Show worked solution →

This is an 8-mark extended response. Markers reward a sustained analysis (test choice linked to validity/reliability linked to a prescription decision), not a labelled list of tests.

Band 6 PLAN.

Thesis: good testing is purposeful - the coach matches each test to the component it validly measures, standardises it for reliability, rates results against normative data, and feeds the weakest components into the next training block. Testing is the evidence base for prescription, not a ritual.
Argument line 1 - VALIDITY (choose the right test). Each component needs a test that actually measures it: aerobic capacity via the beep test (field) or direct VO2max (lab); strength via 1RM; leg power via the vertical jump; agility via the Illinois run; speed via a 20 m timed sprint; flexibility via sit-and-reach. Using a test that measures the wrong quality (e.g. sit-and-reach for power) makes the data useless however neatly it is collected.
Argument line 2 - RELIABILITY and field-vs-lab trade-off. Standardise the protocol (same surface, order, warm-up, equipment, time of day, rested state) so a re-test reflects training change, not changed conditions. Field tests are chosen for squad-wide, repeatable, low-cost monitoring; a lab VO2max is reserved for a definitive measure where accuracy outweighs cost. Reliability is what lets pre-test and post-test be compared at all.
Argument line 3 - from data to prescription. Convert raw scores to normative ratings, set each athlete's baseline, identify the limiting component, and prescribe accordingly (low beep level = aerobic block; low 1RM = strength block), then re-test to evaluate the block and close the loop (the monitoring/evaluation cycle).
Synthesis: validity gets the right number, reliability makes the number trustworthy across re-tests, normative data makes it meaningful, and the prescription targets the weakness - judge the whole process as an evidence-driven cycle.

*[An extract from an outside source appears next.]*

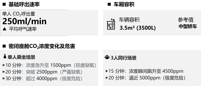 汽车座舱空间有限,人体呼吸会持续消耗O2、呼出CO2。在车窗紧闭、内循环开启的密闭座舱环境,新鲜空气无法及时补充,导致CO2浓度短时间内快速攀升,超过安全阈值,不仅影响司乘人员的健康,严重还会引发疲劳驾驶引发交通事故。更多内容详见《车内缺氧隐患:被忽视的二氧化碳浓度监测》

Model paragraph (validity and prescription line). The coach begins by matching each component of fitness to a test that validly measures it, because an invalid test produces a precise but meaningless number. Aerobic capacity is assessed with the multistage beep test, which estimates VO2max from the level reached and can screen a whole squad cheaply; leg power with the vertical jump; agility with the timed Illinois run. Each protocol is then standardised - same surface, warm-up and equipment - so that reliability is high and a post-season re-test reflects real adaptation rather than a change in conditions. Raw scores are converted to age-and-sex normative ratings to set every athlete's baseline, and the lowest-rated component becomes the training priority: a player rated below average for aerobic capacity is prescribed an aerobic-development block, while one already rated good there maintains it and trains the weaker quality instead. The block is then re-tested, so the data both diagnoses the need and verifies the response - testing drives the prescription rather than decorating it.

Marker's note: top-band answers (1) name a valid test for several components, (2) treat validity and reliability as distinct and explain the field-vs-lab trade-off, (3) carry the chain from a test result through a normative rating to a specific prescription and a re-test, and (4) keep answering the verb - ANALYSE means show how test choice, data quality and training decisions relate. Citing a specific score-to-prescription decision (e.g. a low beep level driving an aerobic block) lifts the response above a generic list of tests.